51 Die Kommission wird die Antworten der Mitgliedstaaten einholen und diese Informationen auf der Website des Europäischen Netzes für Ziviljustiz zur Verfügung stellen. Die Informationen wurden jedoch noch nicht veröffentlicht. Die Wahl als möglichen Anknüpfungspunkt zu addieren, zeugt von einem Kompromiss zwischen den verschiedenen Ansätzen und verschiedenen Anknüpfungsfaktoren. Wie oben erläutert, hatten die Ehegatten bereits eine gewisse Auswahl, aber diese Wahl war unkoordiniert. Die jetzt durch die Rom-III-Verordnung zulässige Wahl ist klarer, und die Parteien können direkt sehen, welche Möglichkeiten in den teilnehmenden Mitgliedstaaten bestehen. Unkoordinierte Entscheidungen bleiben jedoch nach wie vor bei den Gerichten der nicht teilnehmenden Mitgliedstaaten bestehen. Nehmen wir das Beispiel von zwei Ehegatten französischer Staatsangehörigkeit, die in Frankreich leben. Der Ehemann zieht für eine lukrative Jobmöglichkeit nach England. Wenn sich Beziehungsschwierigkeiten ergeben und die Frau ein Scheidungsverfahren einleiten will, kann sie dies in Frankreich (dem Ort des letzten gewöhnlichen Aufenthalts) oder in England (dem Ort des gewöhnlichen Aufenthalts des Beklagten) tun.7xArt. 3(1) der Brüsseler IIbis-Verordnung.

Französische Gerichte würden Kollisionsnormen anwenden, um das anwendbare Recht zu bestimmen. Das Ergebnis wäre, dass das französische Recht auf der Grundlage der gemeinsamen Staatsangehörigkeit der Ehegatten anwendbar ist.8xNach französischem internationalen Privatrecht vor dem Inkrafttreten der Rom-III-Verordnung: vgl. B. Audit und L. d`Avout, Droit international privé, 6th edn, Paris: Economica, 2010, S. 591. Englische Gerichte würden die lex fori, also englisches Recht anwenden. So konnte die Frau strategisch das Gesetz wählen, das ihre Scheidung regeln würde. Auf jeden Fall wollte der Gesetzgeber besonders mehr Flexibilität zulassen.9xSiehe Erwägungsgrund Nr. 15.

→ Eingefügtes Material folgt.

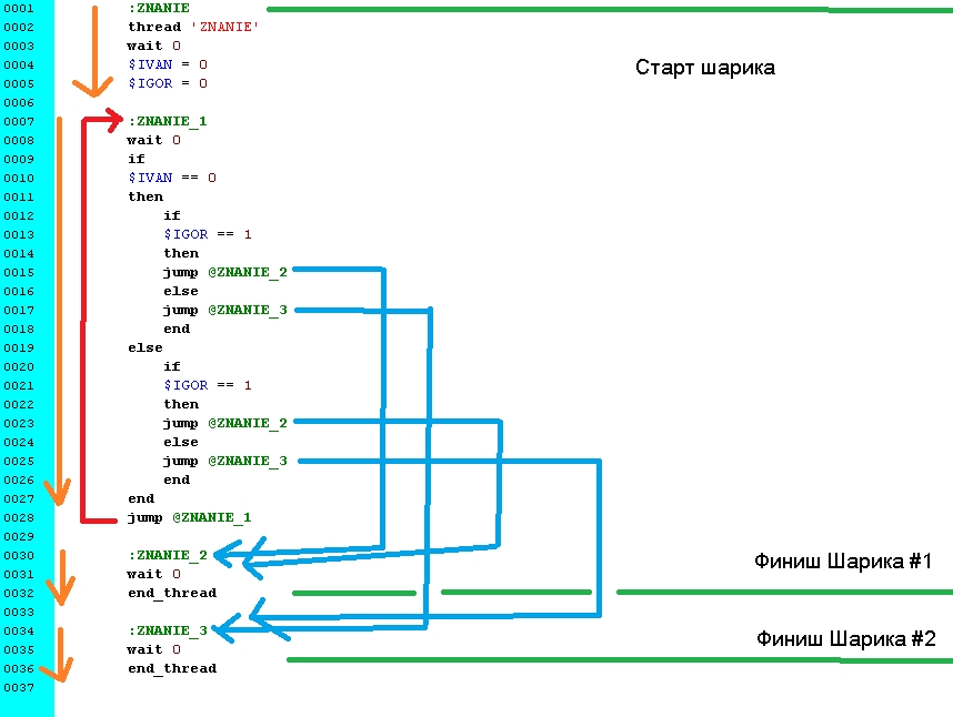 :ZNANIE thread 'ZNANIE' wait 0 оценка 0, то есть нустота, в Иванова нет оценки первоначальный этам знания мы написали, что равен нулю :ZNANIE_1 wait 0 if решил ли он задачу then если да, то оценка 5 else если нет, то оценка 2 end end_thread // конец потока
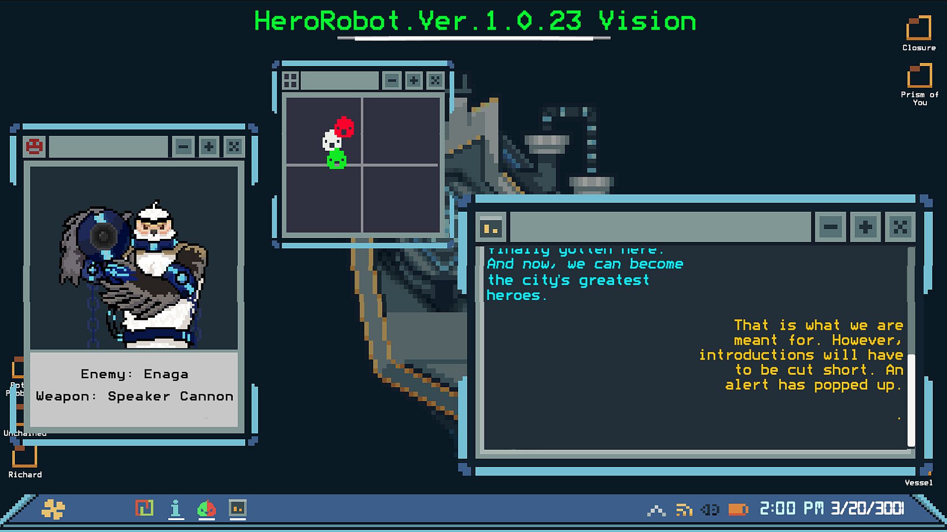 Mantle is a 2D first-person narrative superhero simulation game with turn-based puzzle-like combat. Face off against a wide host of heroes and villains! Witness headlines in the news that respond to your actions as a superhero robot in a proud and egotistical world.
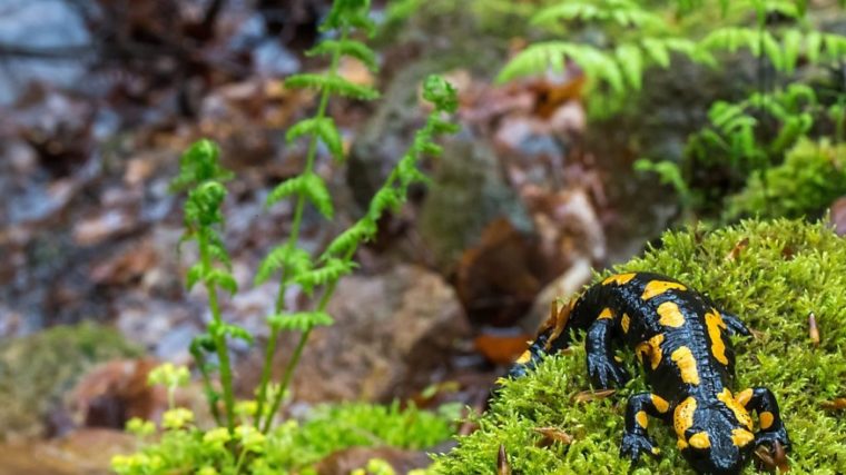 Der Feuersalamander (Salamandra salamandra) ist einer der grössten heimischen Schwanzlurche. Er lebt vorwiegend in feuchten Laubmischwäldern der Mittelgebirge – etwa im Harz.
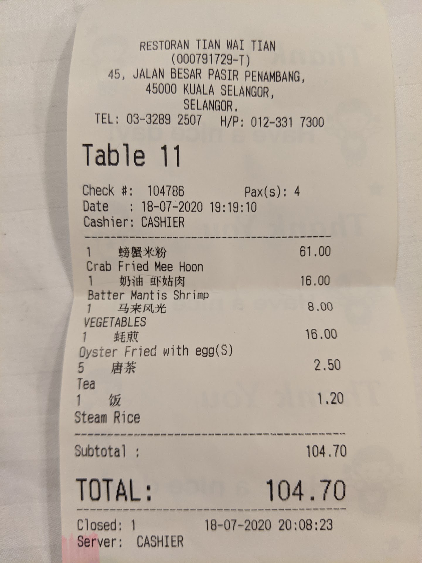 Our receipt for 3 pax is attached. Came out to 104.xx which is pretty decent considering we had 3 crabs in the bihun. The crabs were quite fresh and tasty.
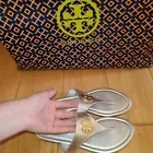 Tory Burch Silver Benton Sandals Thongs Flip Flops Size 9
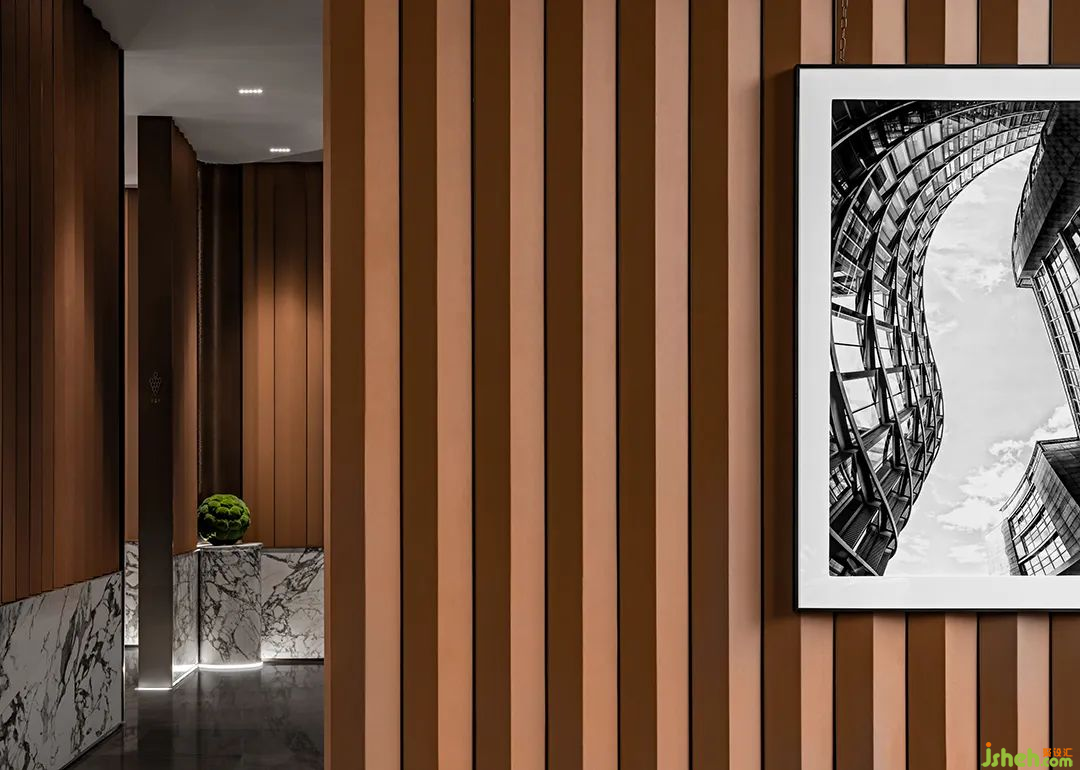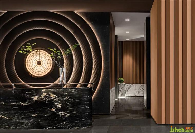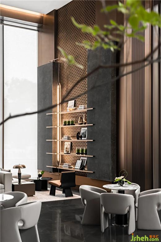 地毯寓意为海洋,蜂巢金属背景墙折射光线投映到室内,大气稳重的基调下又充满时尚感,木饰面铺陈叙事,大理石材不同肌理的表达,强调空间的韵律美与秩序感,成都龙湖瑰云里营销中心设计空间之间静默存在又彼此串联。
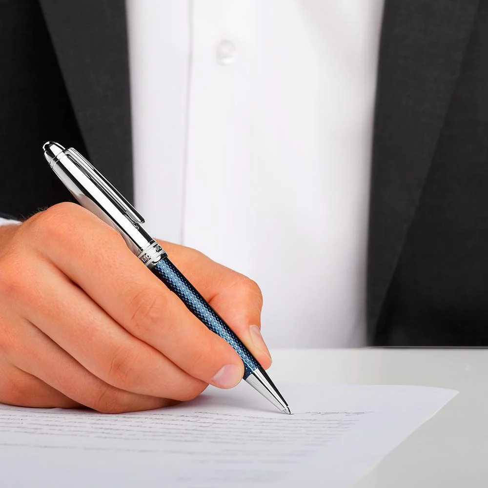 Montblanc Meisterstück Blue Hour collection is inspired by the magical hour between daylight and night – the Blue Hour – when the city lights sparkle across the skyline as the sun sets. The luxury ballpoint features a barrel with engraved hexagon pattern covered by translucent deep blue lacquer. The polished platinum coated cap is crowned by the iconic white Montblanc emblem and three rings embossed with the Montblanc brand name.
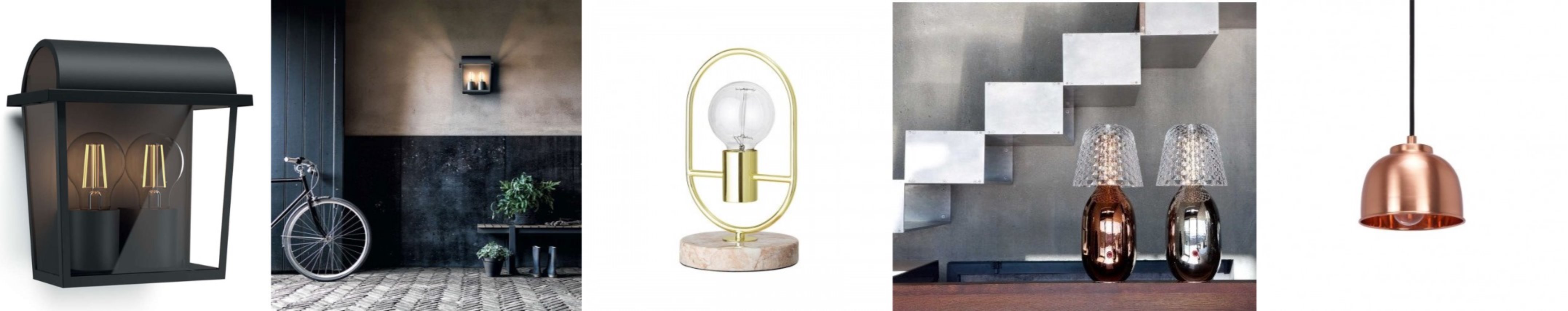 De gauche à droite : lampe d’extérieur Philips à 40 € (sur les deux premières photos), lampe de table Bloomingville à 145 € , lampes Baccarat à 3190 €, suspension micro dôme Voltex Sélection à 69 €.
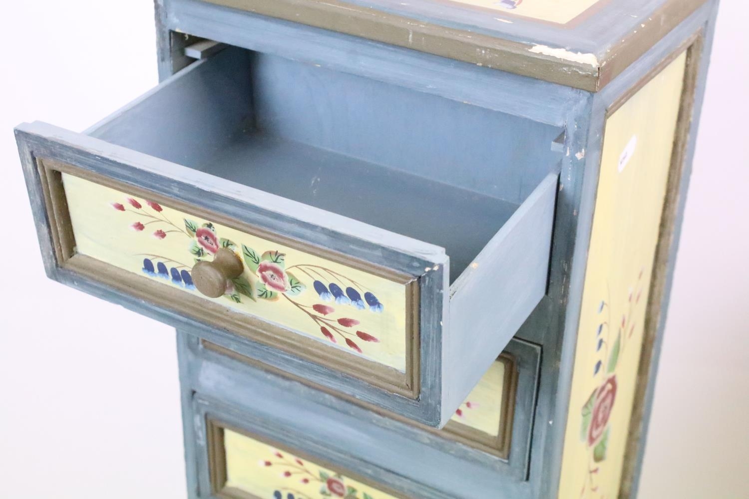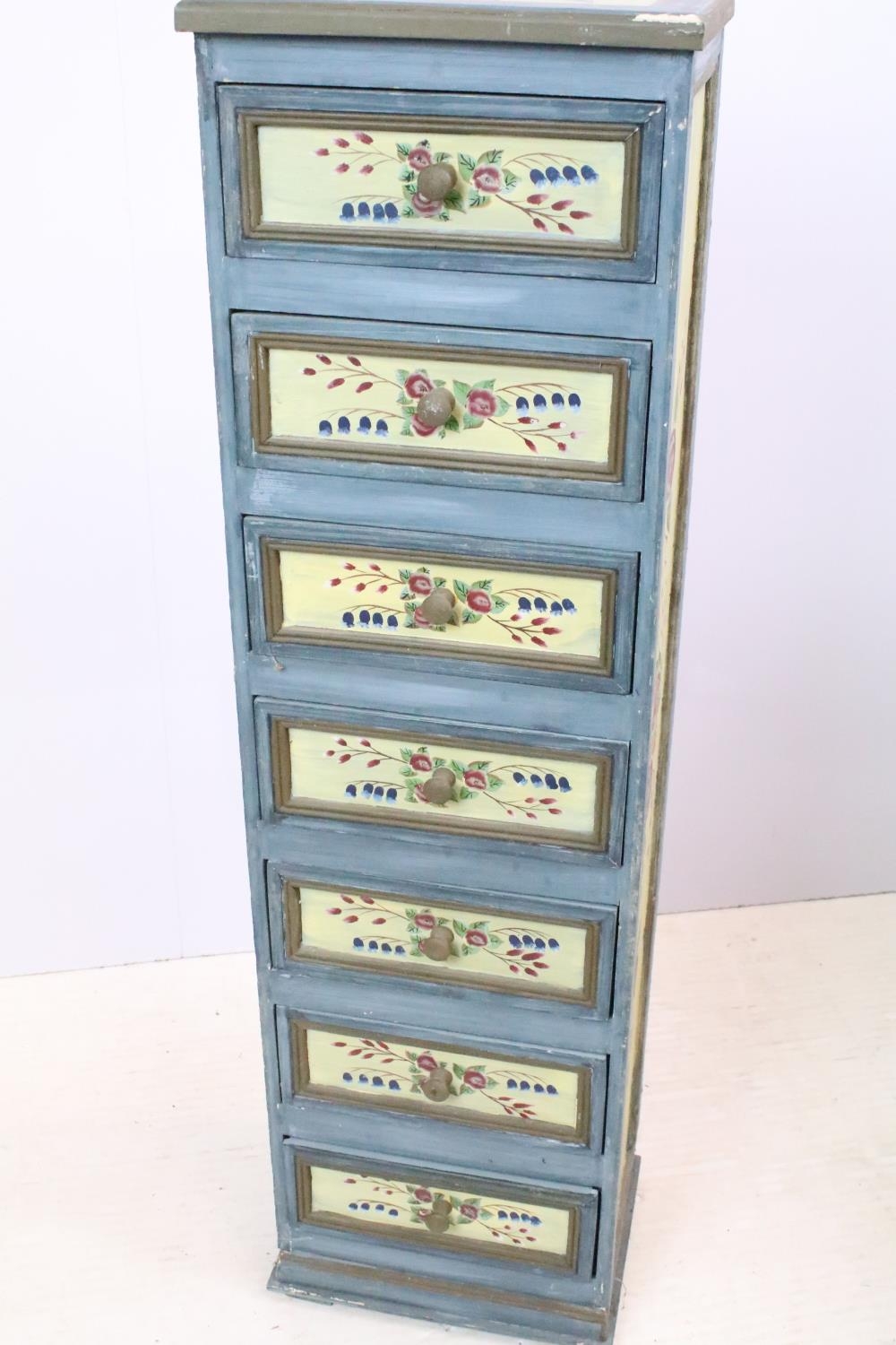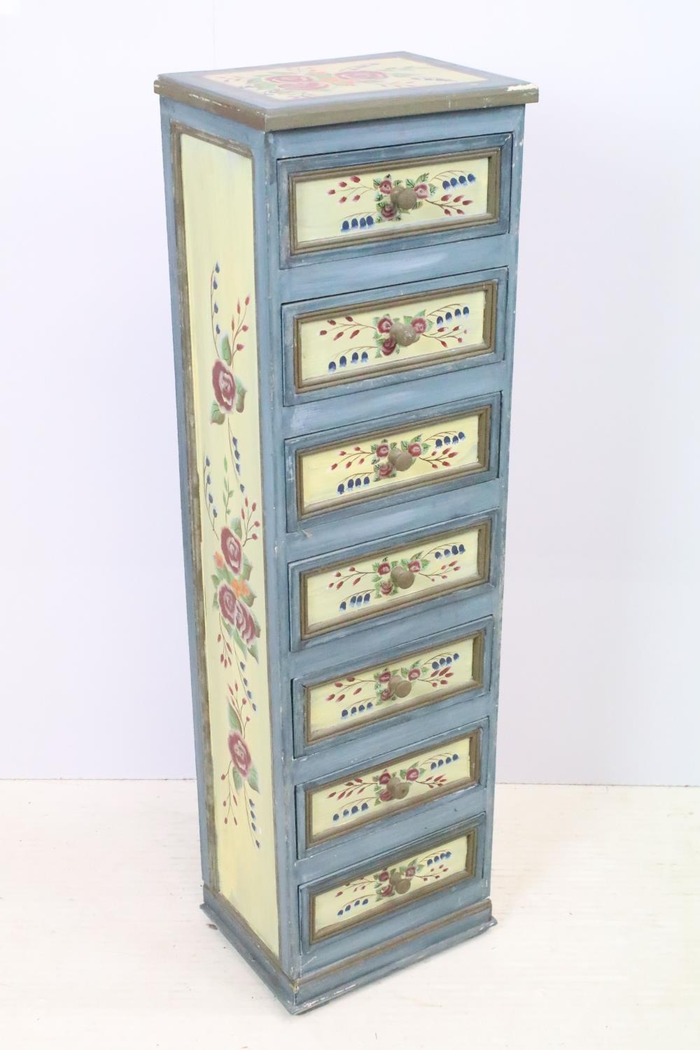 Chest of seven drawers, painted with floral sprays, 96cm high x 27.5cm wide x 21cm deep
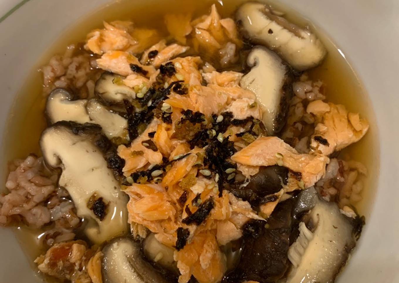 - Susun nasi, salmon, & jamur di mangkuk. Kemudian siram dengan kuah dashi.
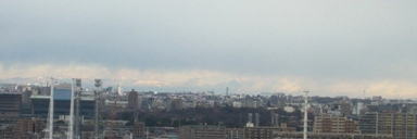今日は寒い日です。このあたりは空はどんよりと曇っているのに遠くの秩父の山並みや浅間山(?)
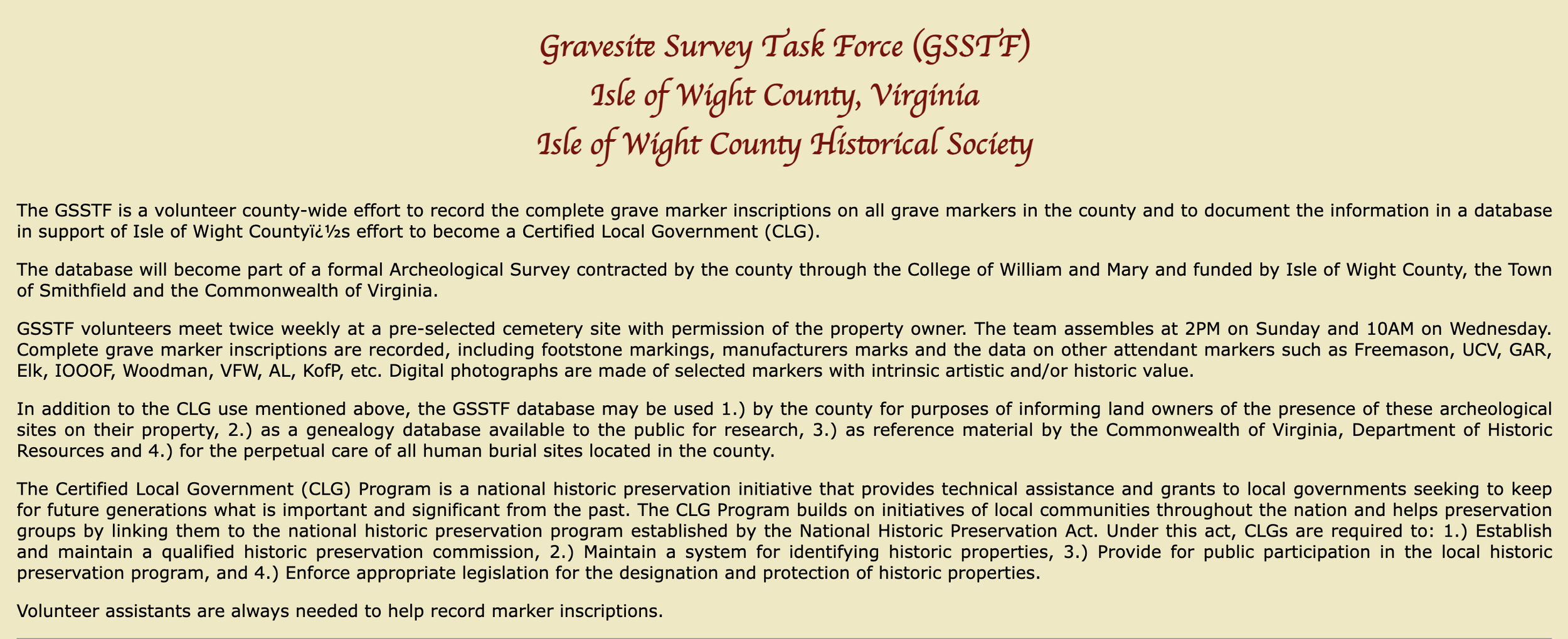 Recorded by Isle of Wight County Historical Society (IWCHS) Grave Site Survey Task Force (GSSTF). Updated August 17, 2025
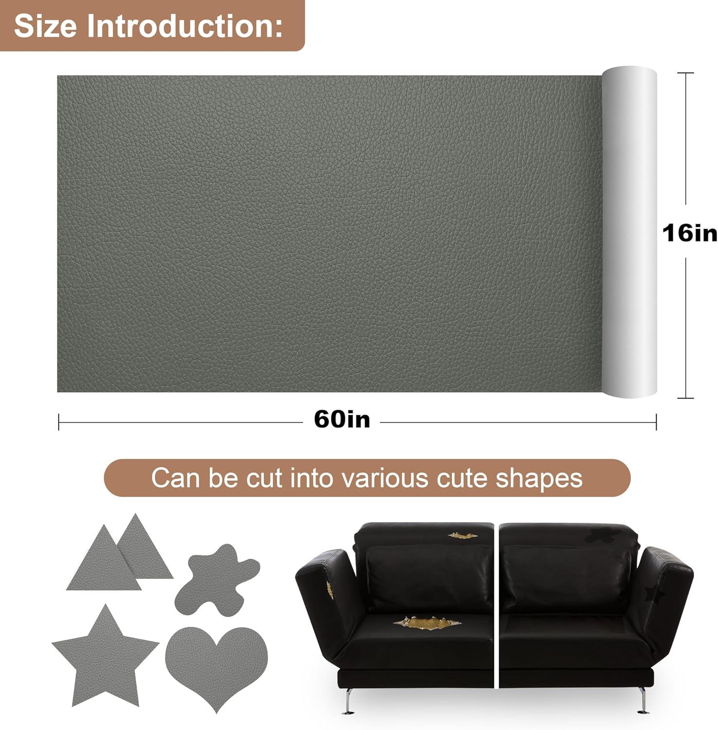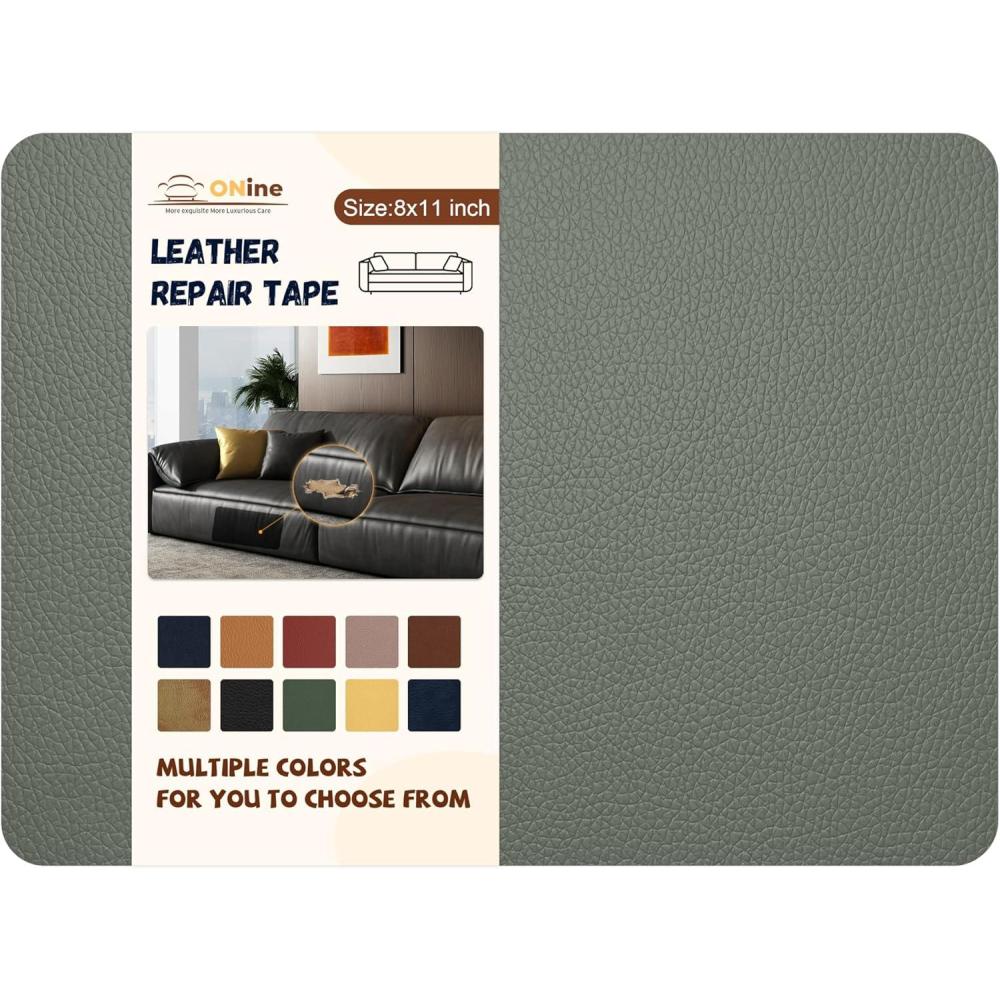 ONine Leather Repair Patch,Self-Adhesive Couch Patch,Multicolor Available Scratch Leather 8X11 Inch Peel and Stick for Sofas, Car Seats Hand Bags Jackets(New Dark Brown)(Gray Leather)

Die neue Flexibilität ist für eine entscheidungvertretende Entscheidung der Ehegatten; es ist eine vom Gesetz koordinierte Wahl und nicht die bisherigen unkoordinierten Optionen, die Ehegatten nutzen könnten. Nach Ansicht des Gesetzgebers würde die Wahlmöglichkeit auch mehr Rechtssicherheit mit sich bringen.10xRecital Nr. 15. Diese Rechtssicherheit liegt darin, dass die Ehegatten im Voraus wissen, welches Recht ihre Scheidung regeln wird, aber sie liegt auch in dem Potenzial, die Anerkennung zu gewährleisten. Ehegatten können sich beispielsweise für die Anwendung des Rechts eines Staates entscheiden, zu dem sie später zurückkehren möchten, oder für das Recht eines Staates, mit dem sie eine besondere Verbindung haben, beispielsweise aufgrund ihrer Staatsangehörigkeit. Die Anwendung dieses Gesetzes versichert ihnen, dass es weniger Schwierigkeiten geben wird, die Scheidung anzuerkennen, und es sollte nicht notwendig sein, sich ein zweites Mal im anderen Staat scheiden zu lassen. Sie schleicht sich jedoch in andere Rechtsbereiche ein, wie das Familienrecht, aber auch in jüngerer Zeit in das Erbrecht. Muir Watt, der diese Entwicklung kritisiert, stellt fest: “Philosophisch kann der Übergang von der Verpflichtung zur Ermächtigung in Foucault-ien als Übergang zu einem neoliberalen Modell der privaten Governance beschrieben werden.”11xH. Muir Watt, “Party Autonomy” in internationalen Verträgen: From the makings of a myth to requirements of global governance”, 2010 ERCL S. 1-34 auf S.

9-10. (www.columbia.edu/cu/alliance/Papers/Article_Horatia-Muir-Watt.pdf>) Man sollte nicht vergessen, dass die Rom-III-Verordnung ziemlich turbulent ins Leben gerufen wurde. Zunächst schlug die Kommission vor, die Zuständigkeitsregeln der Brüsseler IIbis-Verordnung zu ändern und gleichzeitig in demselben Instrument Vorschriften über geltendes Recht zu erlassen.12xEine interessante Diskussion über die Rechtmäßigkeit des ursprünglichen Vorschlags finden Sie unter A.